Con il decreto “Rilancio”, il governo BisConte ha messo a disposizione di ASL, regioni ed enti locali 12 miliardi di euro per liquidare almeno una parte dei debiti commerciali accumulati entro la fine del 2019. Alla scadenza del 7 luglio scorso – data entro la quale gli enti territoriali dovevano chiedere alla Cassa Depositi e Prestiti le anticipazioni di liquidità per pagare i vecchi debiti – le risorse richieste hanno sfiorato i 2 miliardi di euro. A seguito di questo risultato così modesto, con il decreto “Agosto” l’esecutivo centrale ha riaperto i termini: dal 21 settembre fino allo scorso 9 ottobre, gli enti territoriali hanno avuto una nuova possibilità per accedere a queste risorse. Una seconda opportunità che, purtroppo, è stata un fallimento. Ad attingere un prestito trentennale ad un tasso dell’1,22% messo a disposizione dalla Cassa Depositi e Prestiti per pagare i propri creditori ci hanno pensato pochissime aziende sanitarie e altrettante amministrazioni locali, per un importo complessivo di soli 110 milioni di euro.
Secondo i dati presentati da Eurostat nell’ottobre scorso, negli ultimi 4 anni i debiti commerciali nel in Italia di sola parte corrente sono in costante aumento. Nel 2019 lo stock ha toccato i 47,4 miliardi di euro. Nonostante le promesse politiche e gli impegni di spesa presi dalle delle amministrazioni pubbliche, le imprese fornitrici faticano sempre più a farsi pagare. Ma la cosa più inammissibile di tutta questa vicenda è che nessuno è in grado di affermare a quanto assomma ufficialmente il debito commerciale complessivo del comparto pubblico; ovverosia aggiungere ai debiti di parte corrente anche la quota riferita al conto capitale, sebbene da qualche anno le imprese che lavorano per il pubblico abbiano l’obbligo di emettere la fattura elettronica.
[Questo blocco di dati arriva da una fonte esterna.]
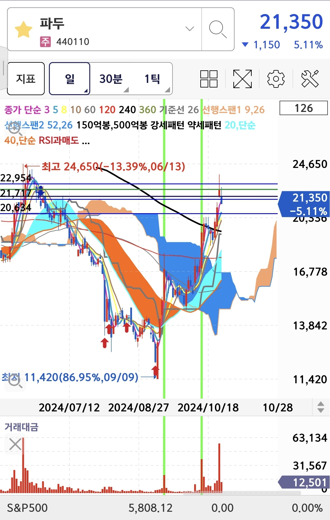 - 3분기 실적 좋게 나오고 매수 리포트 나오자마자 급락, 재료 소멸?, 지지선부근에 자동매수 걸어놓은거 매수됨, 분할매수로 접근하기로 했으니깐 계속 지켜보기, 하락 후 매수세 붙었음 추후 관찰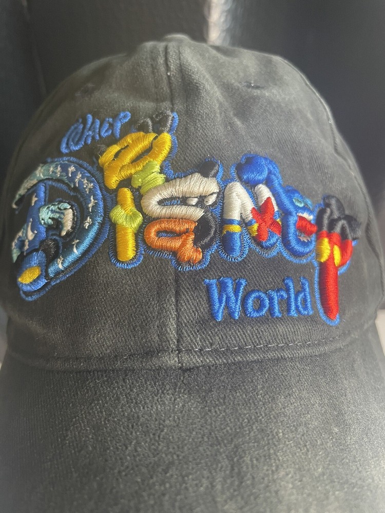 Walt Disney World Black Strpback Baseball Hat Cap Mickey Black Embroidered Adult....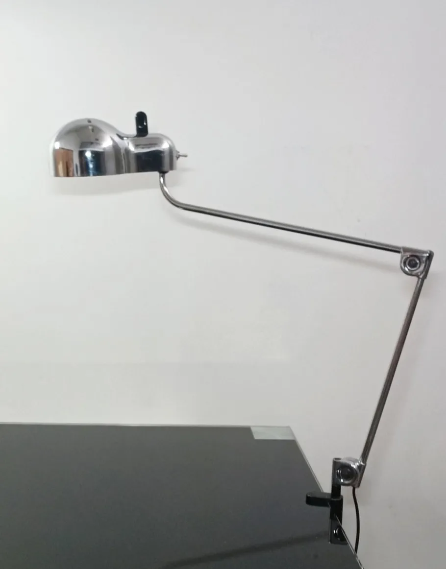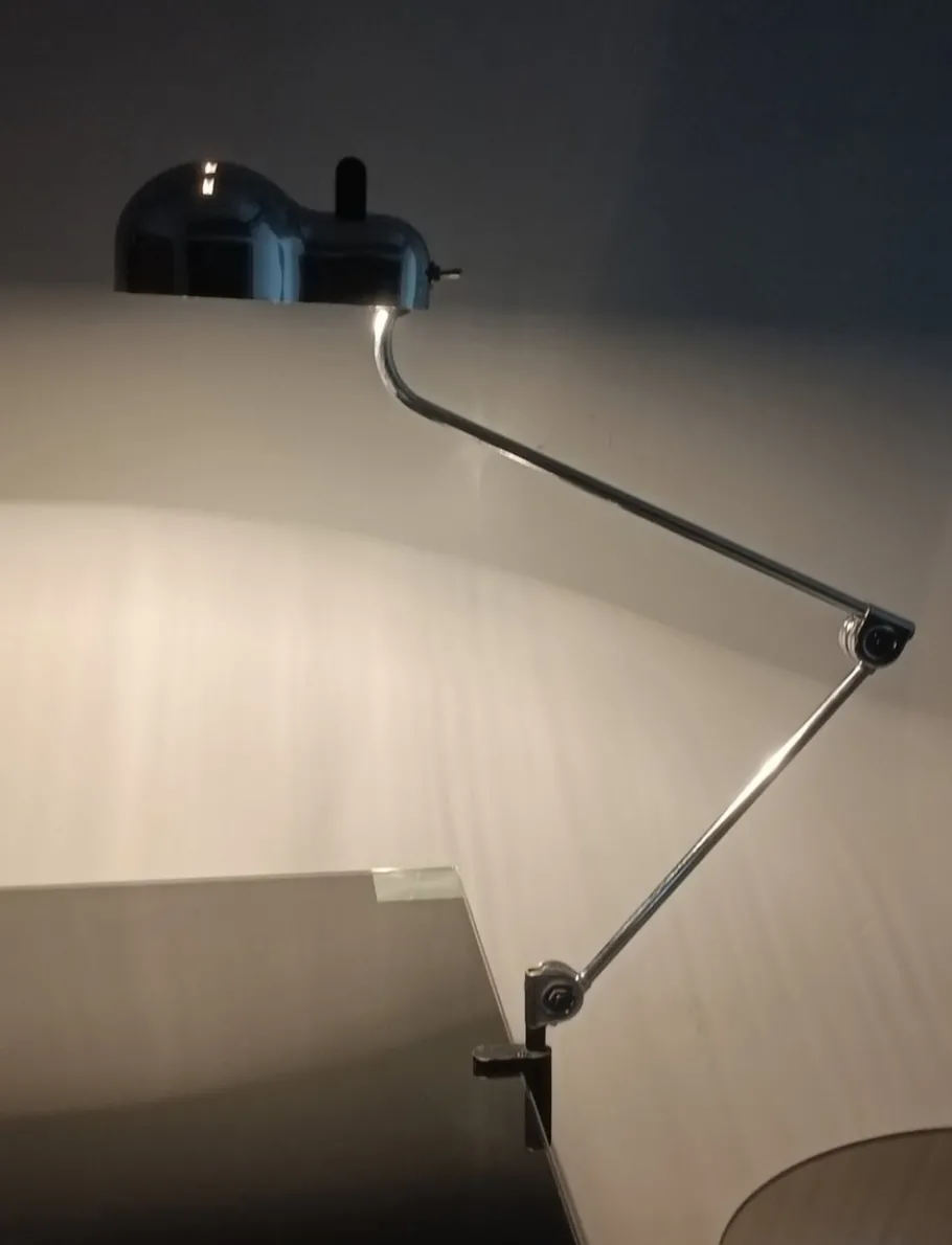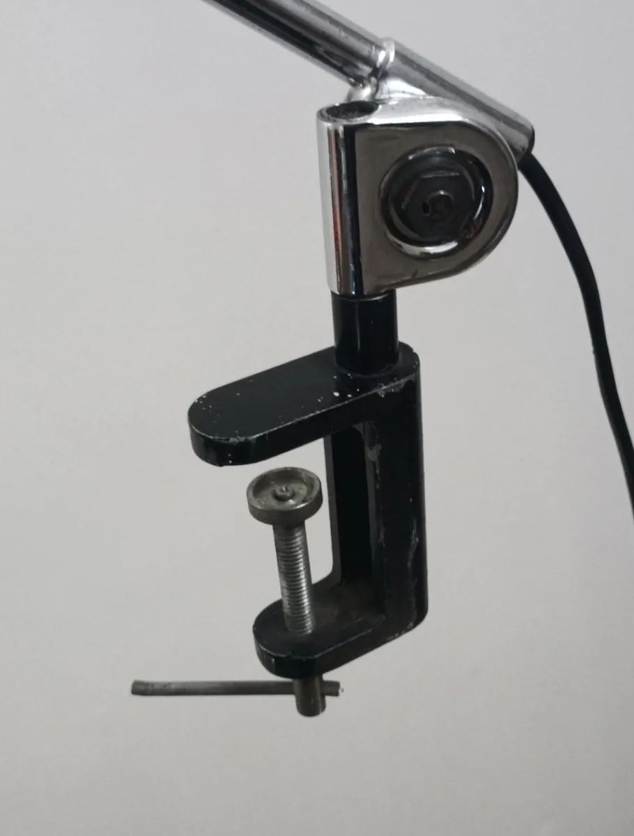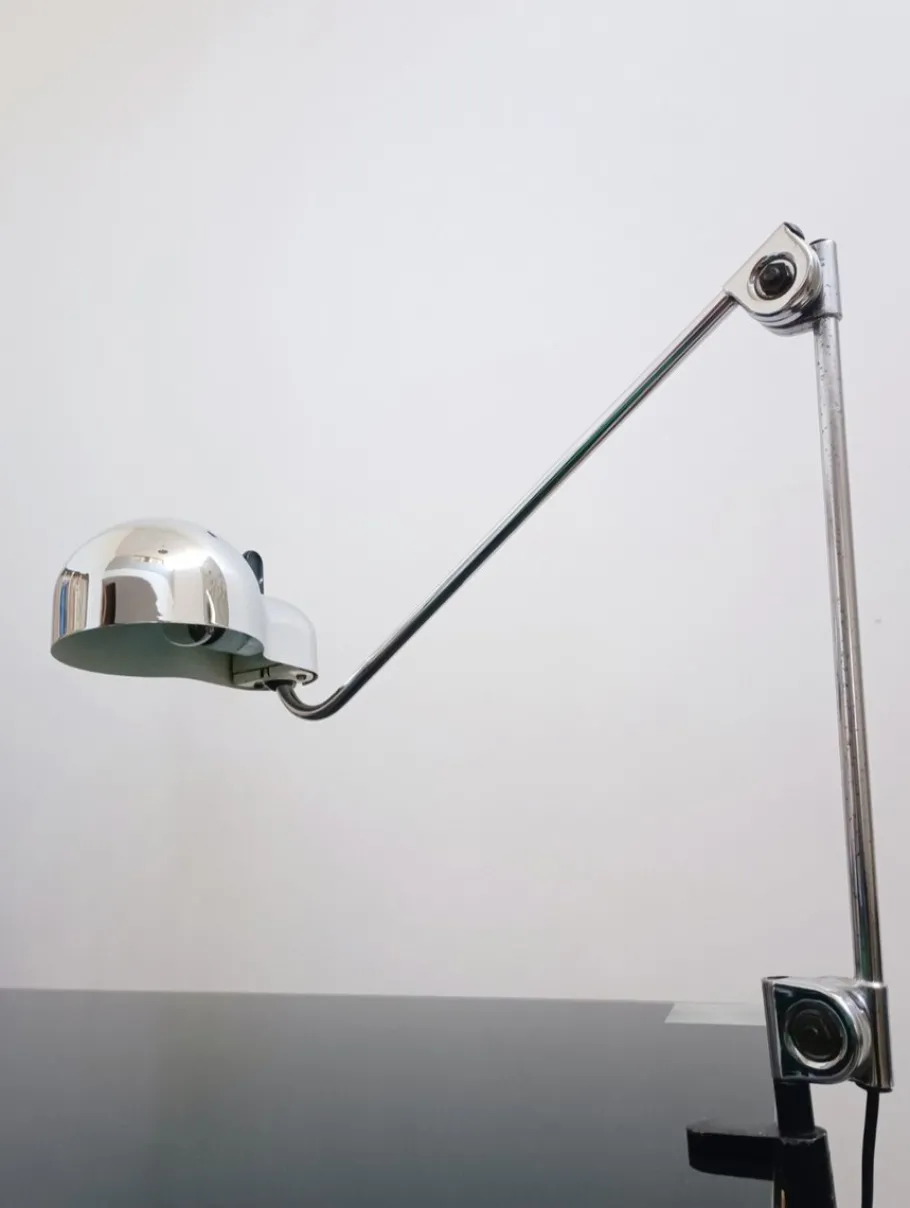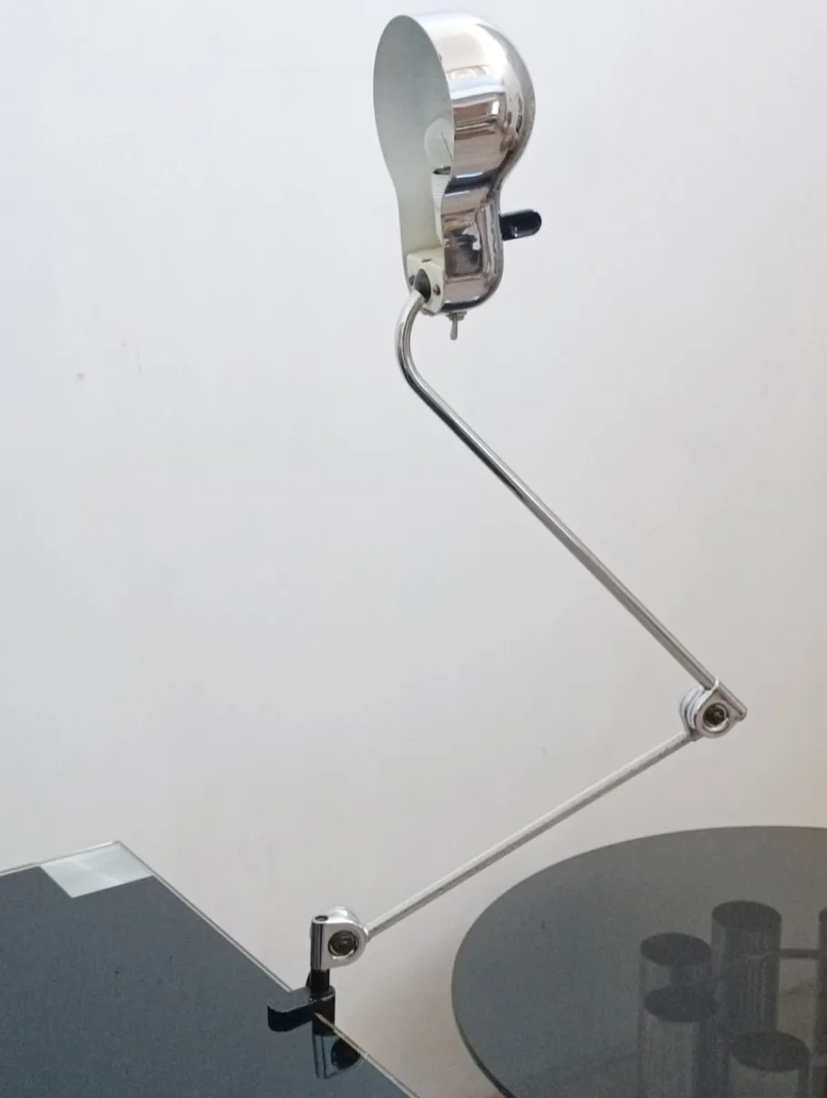 A long, two-part articulated arm that attaches to a desk or shelf.

La Cgia sottolinea, inoltre, che l’avvento della fattura elettronica avrebbe dovuto eliminare un altro grosso problema che assilla i fornitori degli enti pubblici: vale a dire la scissione dell’Iva dagli importi in fattura per i committenti pubblici, introdotta nel 2015. Questa misura ha obbligato le amministrazioni centrali e periferiche dello Stato a trattenere l’Iva delle fatture ricevute e a versarla direttamente all’erario. L’obiettivo dichiarato è contrastare l’evasione fiscale, evitando che una volta incassato il corrispettivo dal committente pubblico, l’impresa privata non versi più al fisco l’imposta sul valore aggiunto.
Il meccanismo, sicuramente efficace nell’impedire che l’imprenditore disonesto non versi l’Iva all’erario, ha però provocato molti problemi finanziari a tutti coloro che con l’evasione, invece, nulla hanno a che fare. Vale a dire la quasi totalità delle imprese che lavora per il comparto pubblico. In altre parole, da qualche anno queste imprese non riscuotono più l’Iva, operazione che consentiva loro di fronteggiare nel breve periodo le necessità di cassa, e nel frattempo il volume dei mancati pagamenti è continuato ad aumentare.